#### Exercise details:
Would you print exactly the lines that begin the listing and continue through the line holding "En este lugar"? No pictures, please.

#### The data:
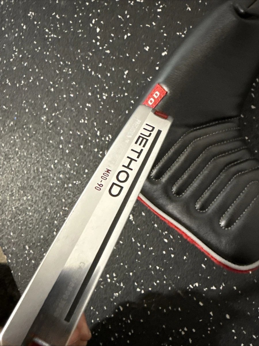 Classic tour-proven design with premium feel. This Nike Method MOD 90 putter is precision milled from 303 stainless steel, delivering a soft yet solid impact with excellent feedback and roll control. The 34-inch right-handed setup offers superb balance and consistency, while the iconic Method technology enhances forward roll. In minty condition and complete with the original headcover, this putter is a standout choice for golfers and collectors seeking performance, quality, and timeless Nike craftsmanship.
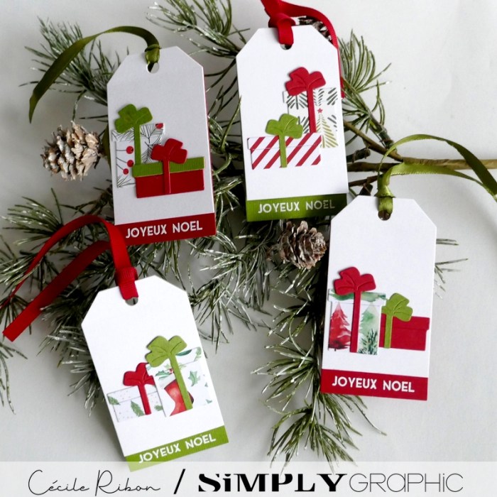 La surprise de ce jour 4, est un ensemble de matrices de coupe permettant de créer de jolis petits cadeaux superbement ornés de gros nœuds.
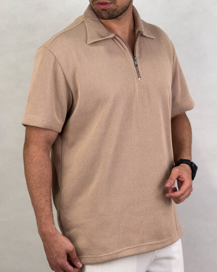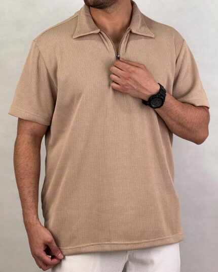 پلوشرت مردانه راه راه نیم زیپ لینن رنگ کرم کد 69903
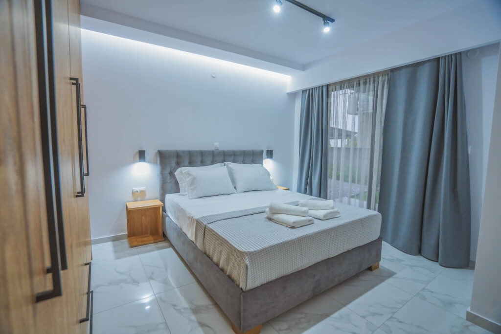 εξοπλισμένη κουζίνα με ψυγείο και κλιματιστικό τελευταίας γενιάς για να έχεις την ιδανική ατμόσφαιρα όλες τις εποχές. Τέλος το κάθε δωμάτιο διαθέτει από ένα διπλό κρεβάτι, από μια smart τηλεόραση και μεγάλες ντουλάπες.
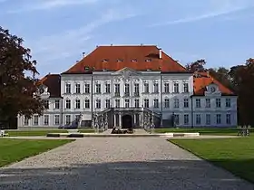 En este lugar ha habido un castillo al menos desde 1281, cuando aparece mencionado en fuentes escritas. Ese primer castillo fue destruido durante la Guerra de los Treinta Años y no fue reconstruido hasta 1660. Entonces se edificó un palacio barroco en el lugar, que fue el núcleo de la edificación actual. Fue renovado entre 1747-1750 en estilo rococó y se ha mantenido prácticamente sin cambios desde entonces. En ese momento la finca pertenecía al conde Sigmund von Haimhausen, un industrial, político y cofundador de la Academia de Ciencias y Humanidades de Baviera, que murió sin herederos. Después de su muerte, la propiedad fue vendida a James Eduard Haniel, que transformó el parque de la finca en un jardín paisajístico inglés. Los descendientes de Haniel todavía dirigen una fábrica de cerveza ubicada junto al palacio. En 1794 se vendió de nuevo. Siguió siendo una residencia familiar hasta la década de 1930, cuando el costoso mantenimiento de los edificios llevó a su abandono como hogar.[5][6]
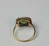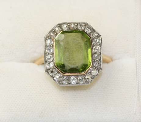 the rectangular cut peridot collet set in a single border of small round cut diamonds, to a plain yellow metal shank, unmarked
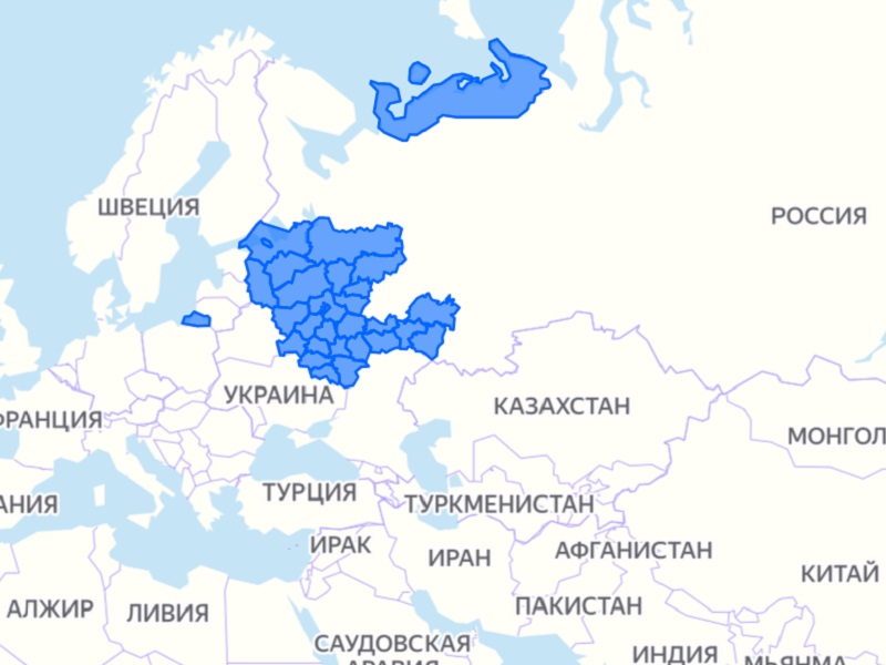 Anbefalte regioner på kartet: Nordvest, Sentral, Midt-Volga.

#### Result of this exercise:
 Classic tour-proven design with premium feel. This Nike Method MOD 90 putter is precision milled from 303 stainless steel, delivering a soft yet solid impact with excellent feedback and roll control. The 34-inch right-handed setup offers superb balance and consistency, while the iconic Method technology enhances forward roll. In minty condition and complete with the original headcover, this putter is a standout choice for golfers and collectors seeking performance, quality, and timeless Nike craftsmanship.
 La surprise de ce jour 4, est un ensemble de matrices de coupe permettant de créer de jolis petits cadeaux superbement ornés de gros nœuds.
 پلوشرت مردانه راه راه نیم زیپ لینن رنگ کرم کد 69903
 εξοπλισμένη κουζίνα με ψυγείο και κλιματιστικό τελευταίας γενιάς για να έχεις την ιδανική ατμόσφαιρα όλες τις εποχές. Τέλος το κάθε δωμάτιο διαθέτει από ένα διπλό κρεβάτι, από μια smart τηλεόραση και μεγάλες ντουλάπες.
 En este lugar ha habido un castillo al menos desde 1281, cuando aparece mencionado en fuentes escritas. Ese primer castillo fue destruido durante la Guerra de los Treinta Años y no fue reconstruido hasta 1660. Entonces se edificó un palacio barroco en el lugar, que fue el núcleo de la edificación actual. Fue renovado entre 1747-1750 en estilo rococó y se ha mantenido prácticamente sin cambios desde entonces. En ese momento la finca pertenecía al conde Sigmund von Haimhausen, un industrial, político y cofundador de la Academia de Ciencias y Humanidades de Baviera, que murió sin herederos. Después de su muerte, la propiedad fue vendida a James Eduard Haniel, que transformó el parque de la finca en un jardín paisajístico inglés. Los descendientes de Haniel todavía dirigen una fábrica de cerveza ubicada junto al palacio. En 1794 se vendió de nuevo. Siguió siendo una residencia familiar hasta la década de 1930, cuando el costoso mantenimiento de los edificios llevó a su abandono como hogar.[5][6]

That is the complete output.